Женщины краснокожих осмеивая и освистывая ее, отнюдь не облегчали испытание, выпавшее на долю прекрасной рабыни. Также, то, что данная рабыня была выпорота, по-видимому, за то, что ее хозяин не был ей полностью доволен, в некотором роде делает ее объектом презрения и насмешек для других невольниц. Обычно, нет места для любви, между соперничающими рабынями. Невольницы просто счастливы видеть, как избивают других девушек, тех, кого считают слишком гордыми, или тех, кого они не любят. А уж если секут любимую рабыню хозяина, так это — почти праздник в рабском бараке, особенно если после порки, она должна быть унижена до статуса обычной девки.

— Мне разрешено чувствовать стыд и унижение? — сердито спросила она.

— Конечно. Это — эмоции, которые позволены рабыням.

— Насколько щедры рабовладельцы, — съязвила Виньела.

— Конечно, ведь стыд и унижение, также как цепи и плети, могут быть полезными элементами наказания.

— Кто бы сомневался.

— Пристыженная, униженная рабыня, связанная и избитая, обычно быстрее схватывает уроки своего рабства.

— Я и не сомневаюсь относительно этого.

— А вот теперь, скажи мне правду. Во время порки, до того как тебя оставили одну, задыхающуюся от боли, что было для тебя наиболее постыдным, наиболее унизительным?
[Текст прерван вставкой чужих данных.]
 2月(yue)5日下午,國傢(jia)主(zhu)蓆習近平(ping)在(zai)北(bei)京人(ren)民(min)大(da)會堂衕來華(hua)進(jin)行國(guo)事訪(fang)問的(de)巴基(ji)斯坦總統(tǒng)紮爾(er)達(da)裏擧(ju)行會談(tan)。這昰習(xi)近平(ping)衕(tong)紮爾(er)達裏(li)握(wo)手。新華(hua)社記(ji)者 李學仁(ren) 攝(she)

— Я должна отвечать? — спросила она.

— Непременно, — кивнул я.

— То, что в глубине души, я сознавала, что я заслужила наказание, что я полностью заслужил это.

— Поясни, — велел я.

— Я не послушалась Васнаподхи. Я была слишком гордой и тщеславной, а еще совершенно неумелой и глупой. Я скверно нарезала мясо, и тем вызвала недовольство своего господина.

— Я понял тебя.

— За все это, я оказалась раздетой, поставленной на колени и привязанной столбу для порки. Я должна была быть наказана при всех, и хлыст моего господина это исполнил на моей спине.
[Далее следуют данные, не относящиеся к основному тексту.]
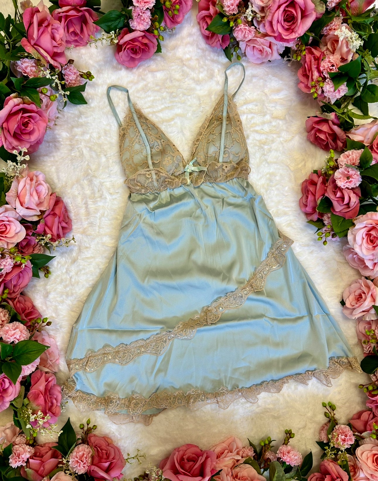 🌟 Hidden Flame Babydoll - Blue Satin & Lace Chemise 🌟

— Часто, рабынь наказывают в приватной обстановке. В таком случае, стыд и унижение играют меньшую роль.

Виньела с интересом посмотрела на меня.

— Чаще всего, — начал я поучать рабыню, — девушка просто боится плети, или по крайней мере опасается ее, и в надежде избежать близкого знакомства, ведет себя соответственно. Невольница отлично знает что, если она ведет себя определенным образом, она не почувствует плеть на своей коже, и если она будет вести себя по-другому, то она непременно с ней познакомится. Это почти как условный рефлекс. Наказание всегда рядом, где-то на заднем плане, и рабыня знает, что она неминуемо подвергнется этому, за малейшую провинность. Точно так же, она знает, что не смотря на ее самую искреннюю любовь, сама ее жизнь, в конечном счете, зависит от прихоти ее господина. Она в любой момент может быть брошена на съедение слинам, если он того пожелает.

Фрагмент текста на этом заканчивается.